- **SOURCE MATERIAL**:

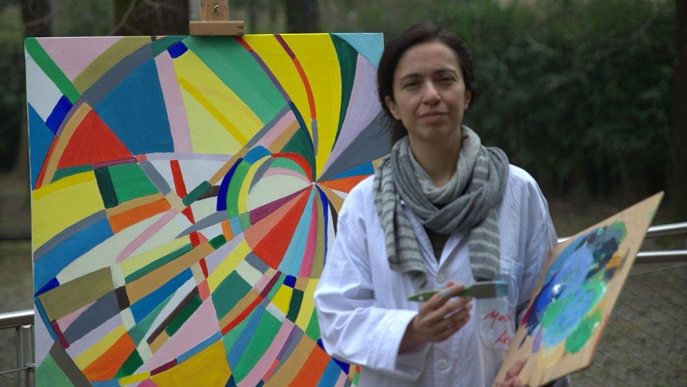 Para la embajadora ante la Santa Sede, al ver esa colección, consideró que Simetría Divina representa los valores centrales del Jubileo de la Esperanza. Los cuadros son vibrantes, dijo, denotan alegría y esperanza.
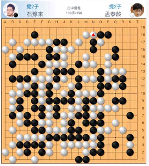 慢棋第三臺由小將石豫來三段執(zhí)黑對陣孟泰齡七段。開局黑左上連續(xù)失誤,導(dǎo)致局面早早進入不利的戰(zhàn)斗。之后黑棋四處求戰(zhàn)終顯勉強,最終以死去中央大龍的代價吃掉白棋右邊一塊大棋,依然以較大差距落敗,石豫來執(zhí)黑中盤負孟泰齡。
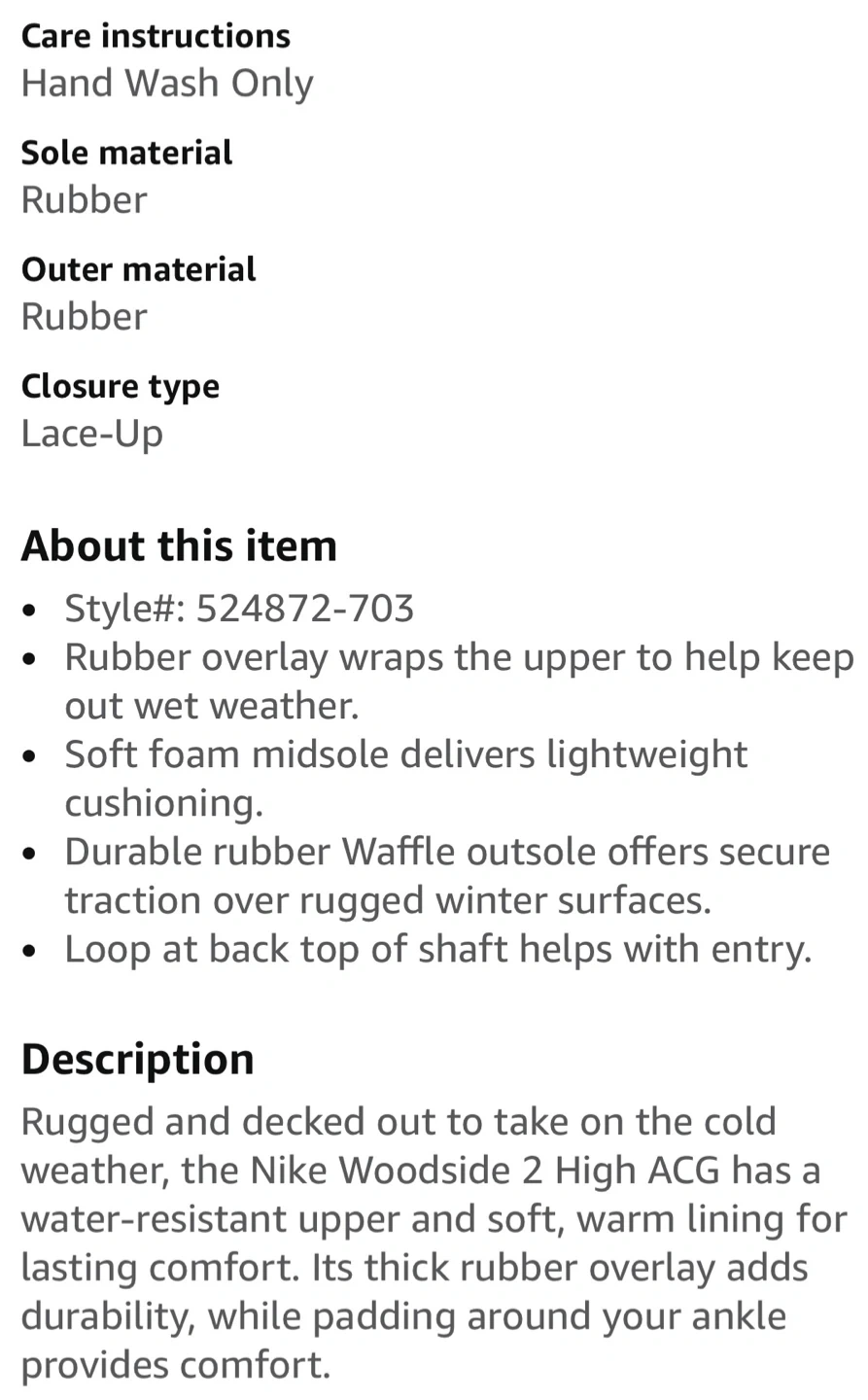 Nike Woodside 2 High ACG Boots-Size 6.5Y (Women’s 7.5)
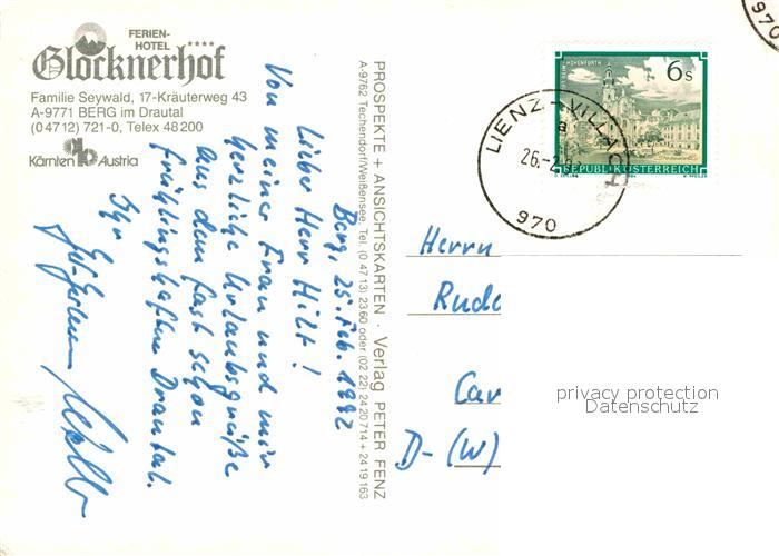 72840260 alte Postkarte Berg Drautal Ferienhotel Glocknerhof Skilaeufer postalisch gelaufen Erhaltung siehe scans [WerneD78] KatCode: 11390212020603
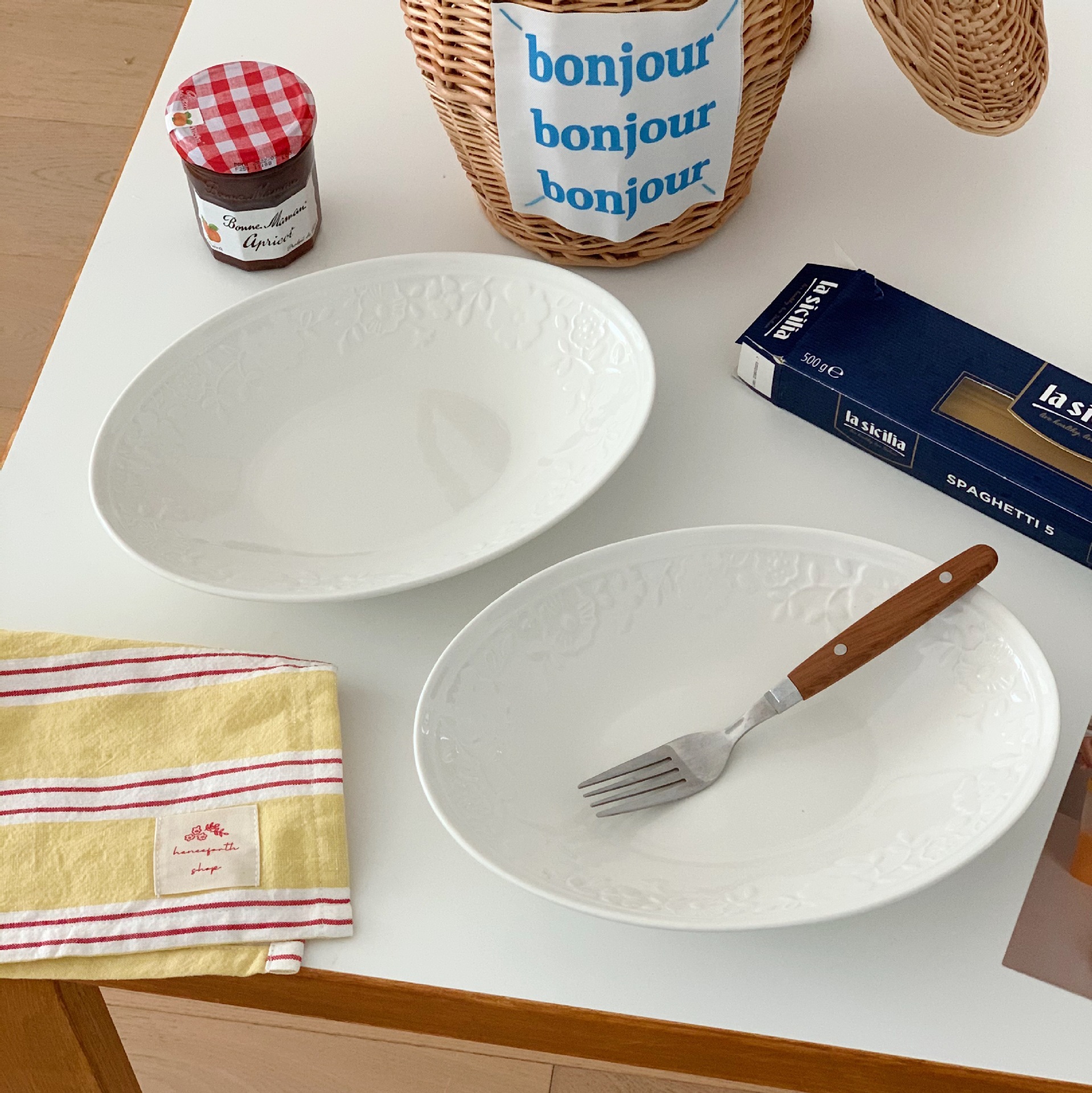 레트로 양각 타원형 인스 스타일 순백색 세라믹 접시 생선 접시 가정용 접시 아침식사 접시 케이크 접시

- **INSTRUCTIONS TO FOLLOW**: Leave out the pictures and repeat exactly the lines from the start of the material through the line that contains "Nike Woodside 2", both included.

- **RESPONSE BELOW**:
 Para la embajadora ante la Santa Sede, al ver esa colección, consideró que Simetría Divina representa los valores centrales del Jubileo de la Esperanza. Los cuadros son vibrantes, dijo, denotan alegría y esperanza.
 慢棋第三臺由小將石豫來三段執(zhí)黑對陣孟泰齡七段。開局黑左上連續(xù)失誤,導(dǎo)致局面早早進入不利的戰(zhàn)斗。之后黑棋四處求戰(zhàn)終顯勉強,最終以死去中央大龍的代價吃掉白棋右邊一塊大棋,依然以較大差距落敗,石豫來執(zhí)黑中盤負孟泰齡。
 Nike Woodside 2 High ACG Boots-Size 6.5Y (Women’s 7.5)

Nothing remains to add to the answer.